### [What is needed]
Below, find the line containing "尤为可贵的是,田耘将数学专业"; from there to the final line, print every line exactly and skip the pictures.

### [Exercise data]
+===+
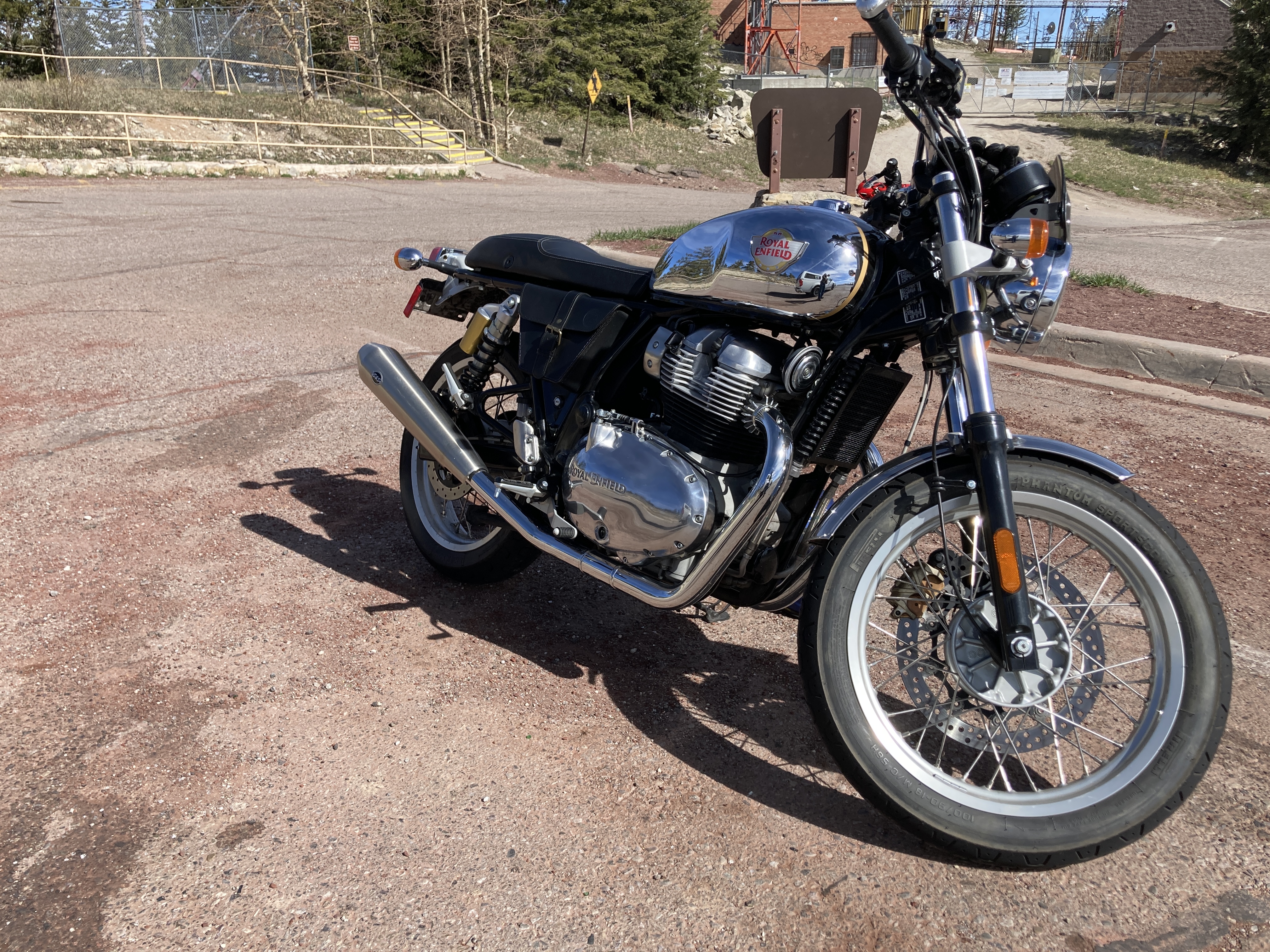 Actually…more like 16 months on. The Interceptor, or as she is known “Lakshmibai, the Rani of Enfield” has gotten almost 15,000 miles put on her in a combination of trying to kill myself on out twisty mountain roads and commuting to my workplace 23 miles away from home. As the earlier reports have illustrated, Her Majesty has been hopped-up considerably: S&S pipes, high performance cam, high compression pistons, and a airbox eliminator were added, making the bike a nightmare to keep running until we put a Power Commander V on her and got the folks at Speed Associates up in Farmington to dyno and tune the hell out of the fuel map. All bikes are way too lean, these day, for Euro emissions standards, and the Enfields are no different. Fortunately, mine is the last of the Euro4 bikes, so we had little issue enriching the fuel and squeezing almost 20% more power out of her. Here, at a mile up, she turns out 50hp at the wheel — so at sea level, that means she’s pushing 62-63hp and about 50 ft-lbs. of torque. (For comparison, the Honda CBR650R of that year was pulling 86hp and 43 ft-lbs. out of their mill. That’s not bad.) I had (once!) hit 125 mph on the speedometer, flat on the tank, slightly downhill, throttle all the way open, and juuuuuust slipping into the redline. (So figure 115ish with speedo creep.)
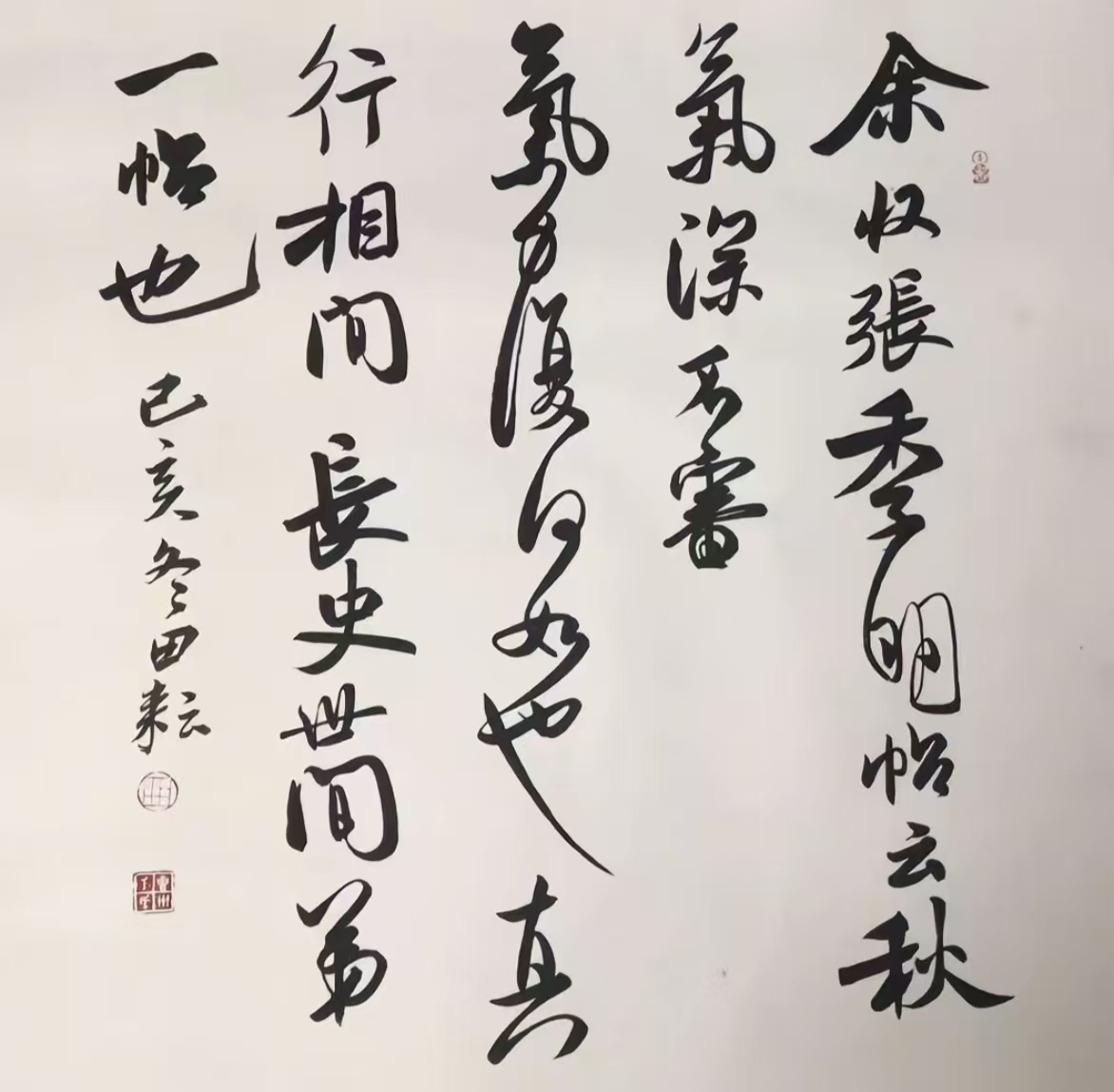 尤为可贵的是,田耘将数学专业的理性思维与书法艺术的感性表达有机融合,在数字化浪潮冲击汉字书写的当下,走出了一条传统艺术与时代潮流和谐共生的路径。她始终坚守笔墨初心,主动探索书法艺术的时代表达,将“天人合一”的传统理念与“内外兼修”的人文情怀融入创作实践,让作品既保留中华书法的核心精髓,又兼具契合当代审美的灵动气息。“书为心画”是她始终坚守的创作理念,她常从古典诗词、传统绘画中汲取灵感,在笔墨间传递对生活的热爱、对文化的敬畏。
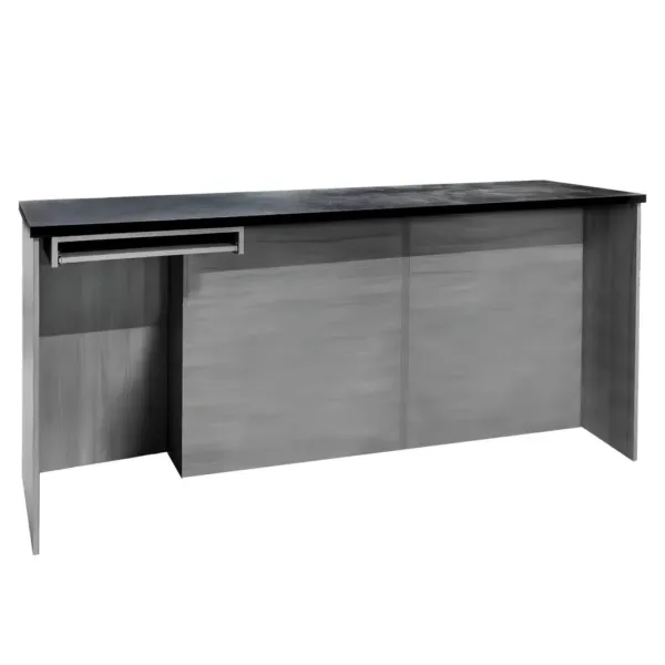 Construcția din placă de mobilier laminată de 18 mm și blat de 36 mm asigură rezistență crescută la uzură, zgârieturi și murdărie, garantând funcționalitate pe termen lung. Finisajul ulm liberty conferă un aspect elegant și profesional, potrivit pentru diverse stiluri de amenajare a magazinelor și spațiilor comerciale.
+===+
### [Exercise output]
 尤为可贵的是,田耘将数学专业的理性思维与书法艺术的感性表达有机融合,在数字化浪潮冲击汉字书写的当下,走出了一条传统艺术与时代潮流和谐共生的路径。她始终坚守笔墨初心,主动探索书法艺术的时代表达,将“天人合一”的传统理念与“内外兼修”的人文情怀融入创作实践,让作品既保留中华书法的核心精髓,又兼具契合当代审美的灵动气息。“书为心画”是她始终坚守的创作理念,她常从古典诗词、传统绘画中汲取灵感,在笔墨间传递对生活的热爱、对文化的敬畏。
 Construcția din placă de mobilier laminată de 18 mm și blat de 36 mm asigură rezistență crescută la uzură, zgârieturi și murdărie, garantând funcționalitate pe termen lung. Finisajul ulm liberty conferă un aspect elegant și profesional, potrivit pentru diverse stiluri de amenajare a magazinelor și spațiilor comerciale.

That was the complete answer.